## Input
+-------+

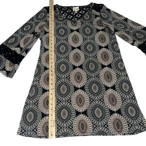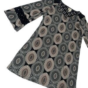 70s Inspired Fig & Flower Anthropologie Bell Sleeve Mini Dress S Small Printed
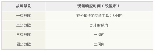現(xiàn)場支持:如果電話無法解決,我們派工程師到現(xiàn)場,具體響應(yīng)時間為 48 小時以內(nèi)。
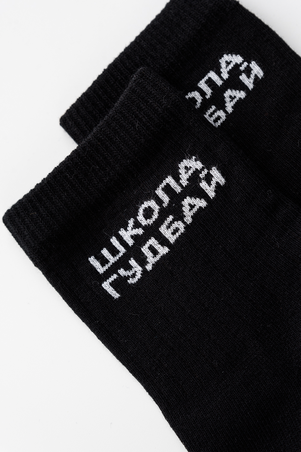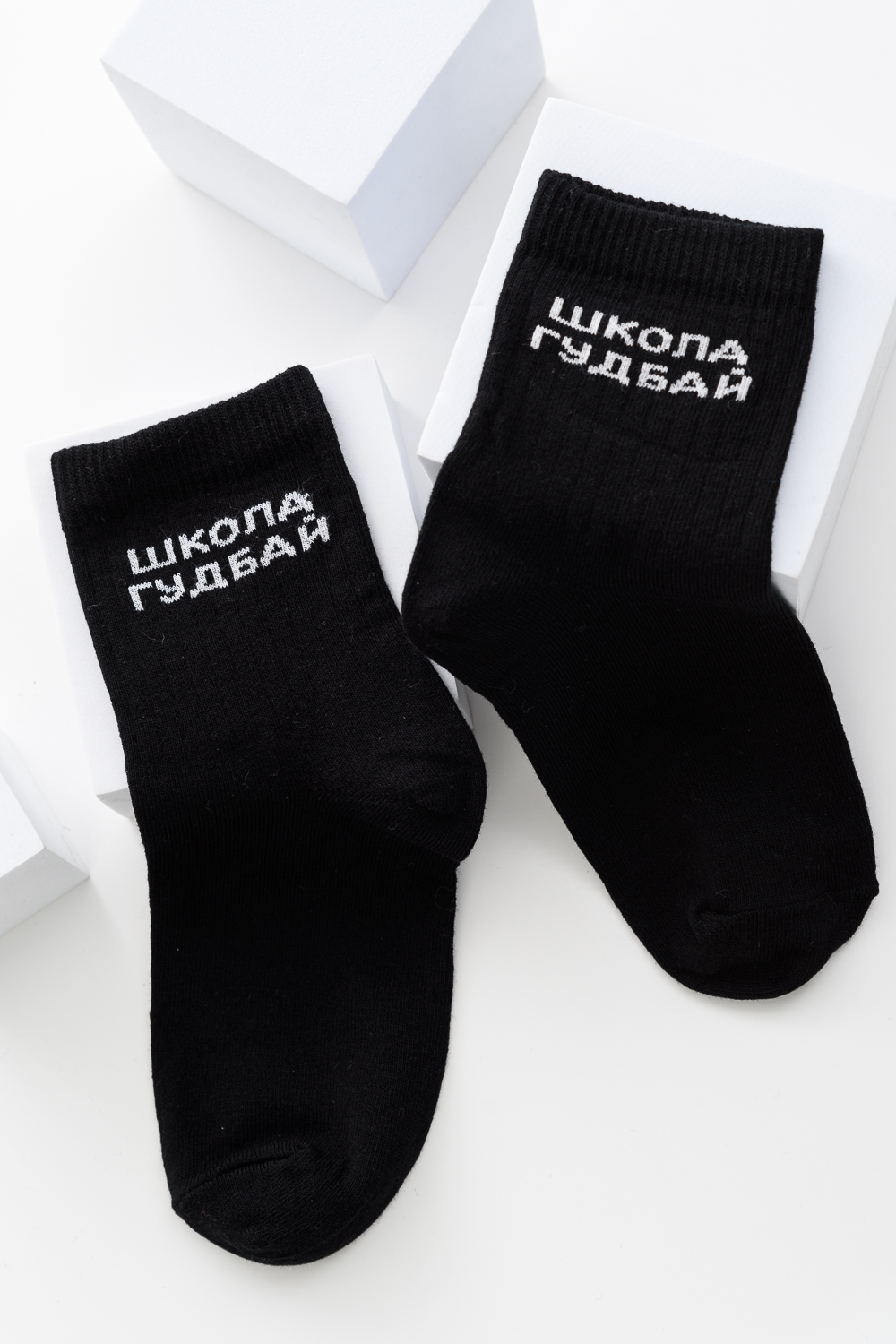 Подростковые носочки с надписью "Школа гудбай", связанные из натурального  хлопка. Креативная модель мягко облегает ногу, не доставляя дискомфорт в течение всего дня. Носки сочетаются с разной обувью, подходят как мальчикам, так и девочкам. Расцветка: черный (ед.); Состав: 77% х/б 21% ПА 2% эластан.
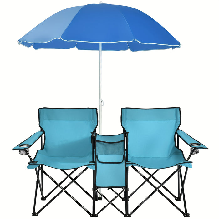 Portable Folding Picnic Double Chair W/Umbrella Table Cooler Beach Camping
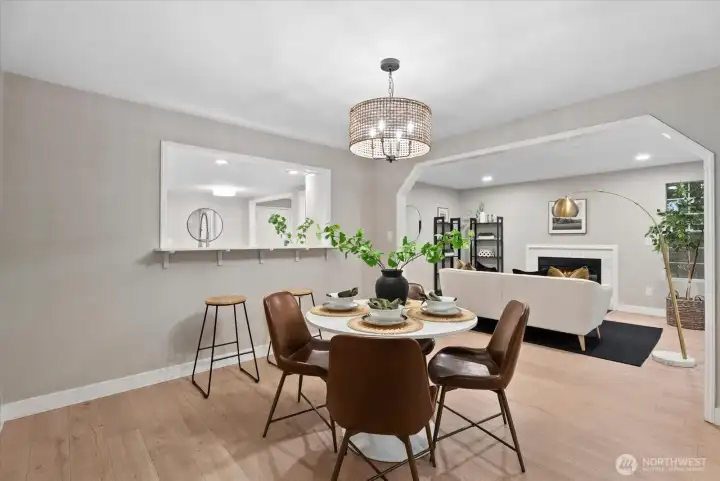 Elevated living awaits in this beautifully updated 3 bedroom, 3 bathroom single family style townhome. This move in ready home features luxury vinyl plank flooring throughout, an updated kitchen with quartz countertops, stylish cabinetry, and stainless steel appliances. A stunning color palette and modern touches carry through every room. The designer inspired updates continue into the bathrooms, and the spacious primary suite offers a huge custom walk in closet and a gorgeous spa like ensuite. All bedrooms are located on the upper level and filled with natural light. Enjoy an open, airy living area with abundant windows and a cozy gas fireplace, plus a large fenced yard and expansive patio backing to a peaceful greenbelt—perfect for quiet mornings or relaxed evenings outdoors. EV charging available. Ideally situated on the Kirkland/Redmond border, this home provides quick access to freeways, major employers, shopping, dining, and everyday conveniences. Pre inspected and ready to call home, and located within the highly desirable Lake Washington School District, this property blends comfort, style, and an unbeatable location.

+-------+

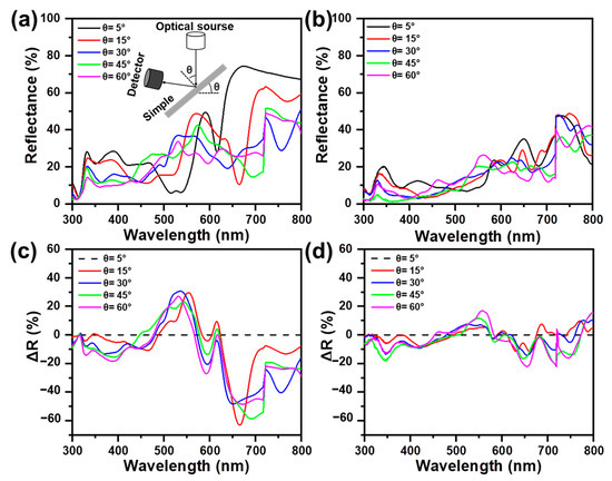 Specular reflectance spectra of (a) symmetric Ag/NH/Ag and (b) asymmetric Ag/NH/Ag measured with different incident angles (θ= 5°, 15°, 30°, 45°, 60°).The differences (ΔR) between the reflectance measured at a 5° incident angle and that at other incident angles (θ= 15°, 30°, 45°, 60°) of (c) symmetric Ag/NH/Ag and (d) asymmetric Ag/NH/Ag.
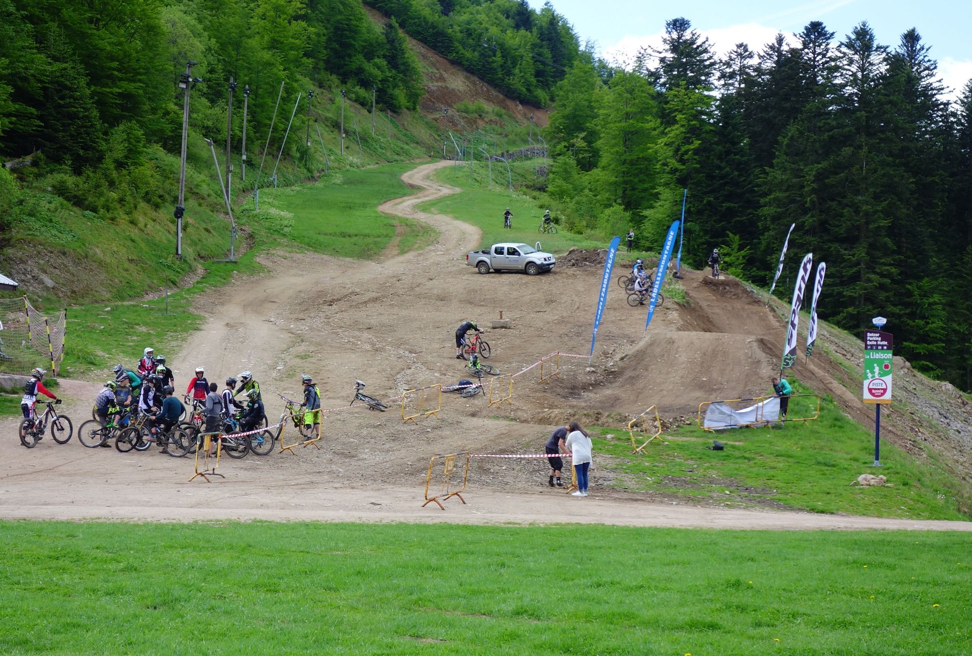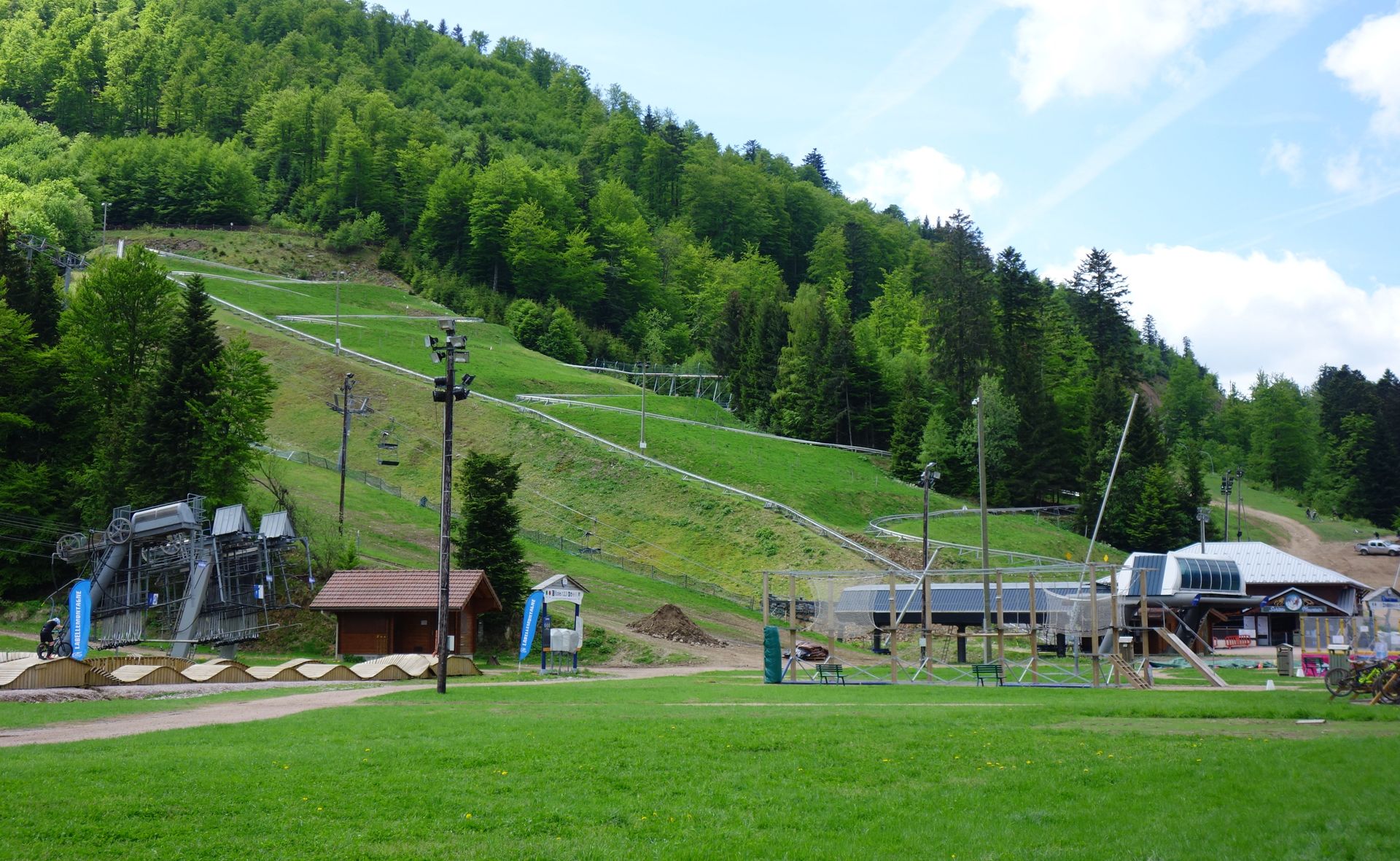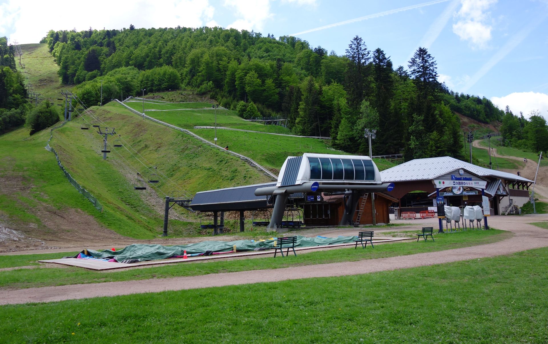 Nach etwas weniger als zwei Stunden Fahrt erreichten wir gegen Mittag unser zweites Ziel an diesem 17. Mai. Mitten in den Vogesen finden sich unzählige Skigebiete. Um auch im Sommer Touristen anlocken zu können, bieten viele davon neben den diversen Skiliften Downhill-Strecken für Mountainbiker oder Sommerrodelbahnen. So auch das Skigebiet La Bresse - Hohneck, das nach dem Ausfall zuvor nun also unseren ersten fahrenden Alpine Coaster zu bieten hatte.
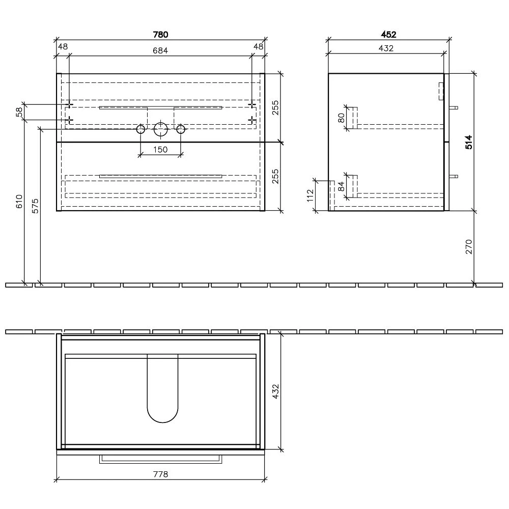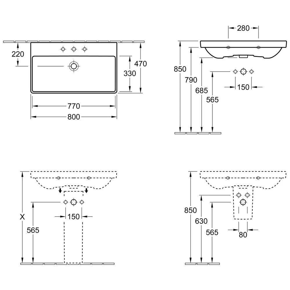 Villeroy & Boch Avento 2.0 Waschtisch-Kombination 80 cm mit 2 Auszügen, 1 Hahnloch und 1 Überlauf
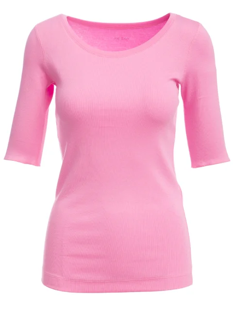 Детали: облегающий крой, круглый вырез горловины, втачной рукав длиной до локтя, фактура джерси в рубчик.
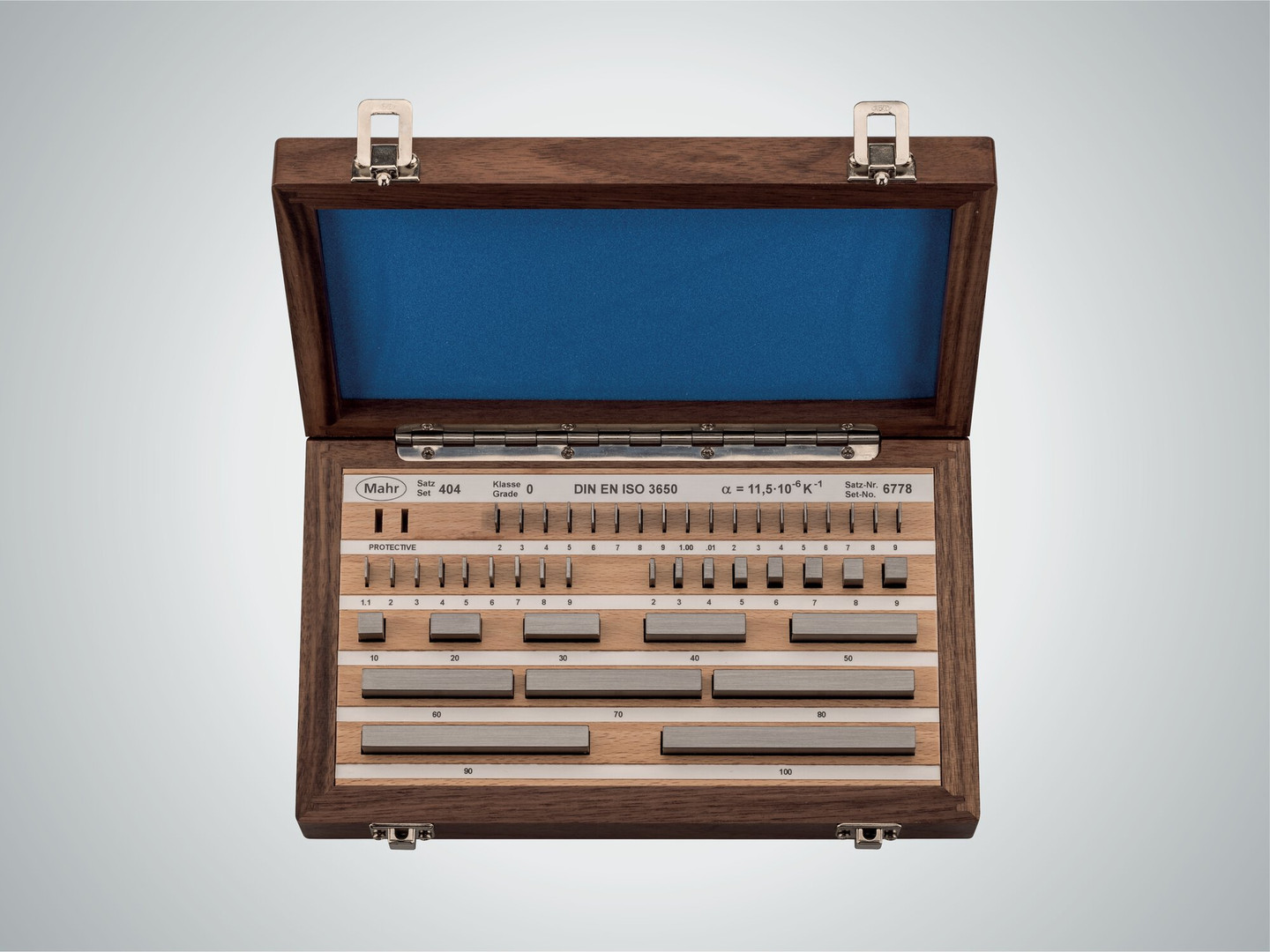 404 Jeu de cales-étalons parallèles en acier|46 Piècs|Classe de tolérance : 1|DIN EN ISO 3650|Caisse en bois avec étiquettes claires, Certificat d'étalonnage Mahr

+-------+

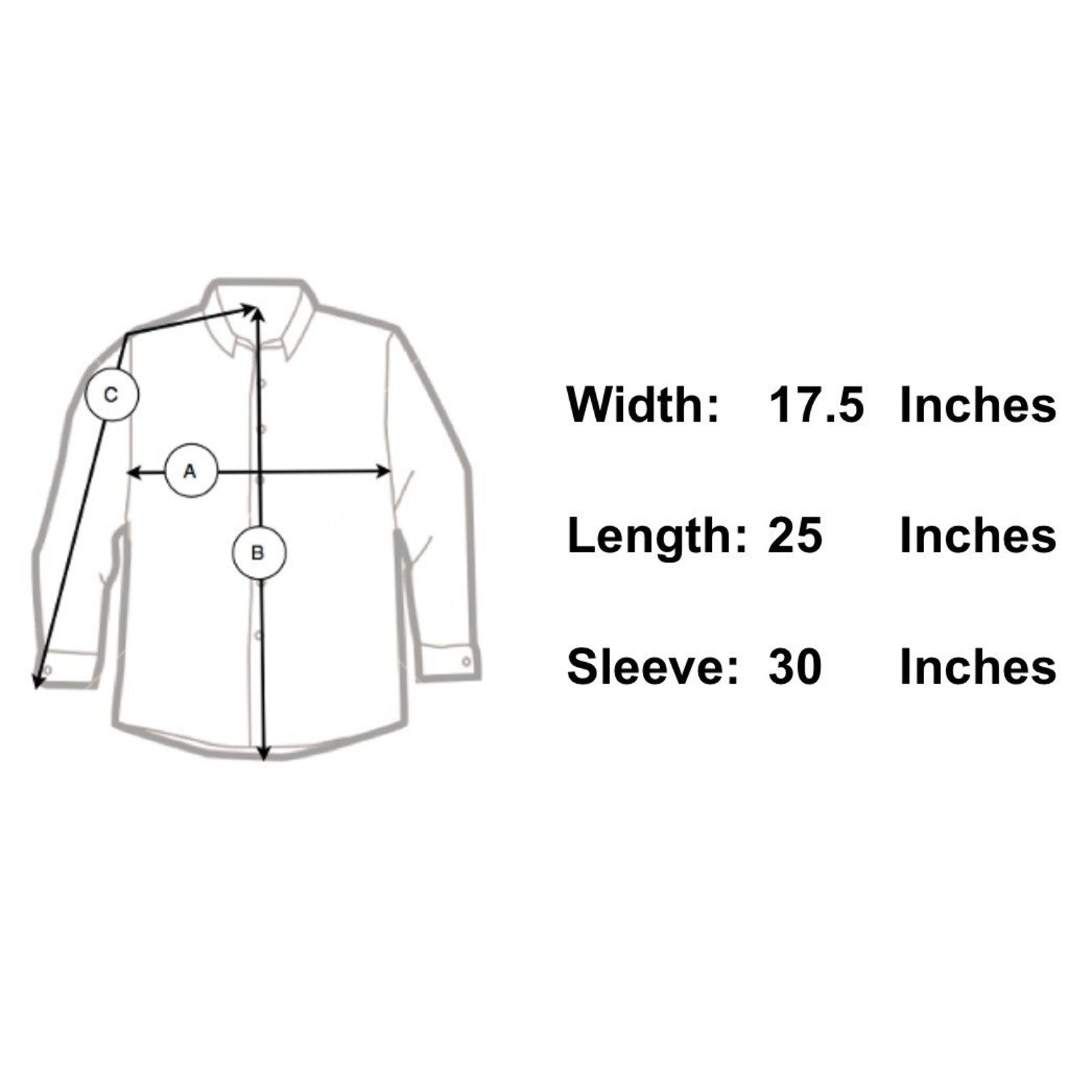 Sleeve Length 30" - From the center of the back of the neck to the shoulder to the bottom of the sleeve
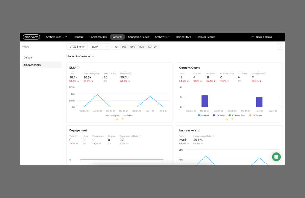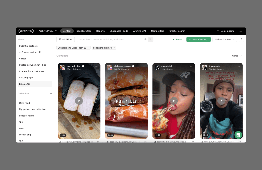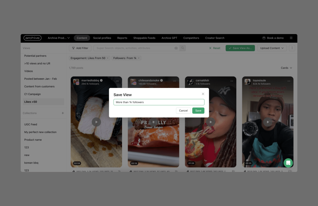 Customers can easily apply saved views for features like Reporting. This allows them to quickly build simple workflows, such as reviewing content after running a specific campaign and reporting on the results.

+-------+

Go to the line above that contains "Подростковые носочки с" and reproduce everything exactly from there through the line that contains "Portable Folding Picnic", leaving out the pictures.

 Подростковые носочки с надписью "Школа гудбай", связанные из натурального  хлопка. Креативная модель мягко облегает ногу, не доставляя дискомфорт в течение всего дня. Носки сочетаются с разной обувью, подходят как мальчикам, так и девочкам. Расцветка: черный (ед.); Состав: 77% х/б 21% ПА 2% эластан.
 Portable Folding Picnic Double Chair W/Umbrella Table Cooler Beach Camping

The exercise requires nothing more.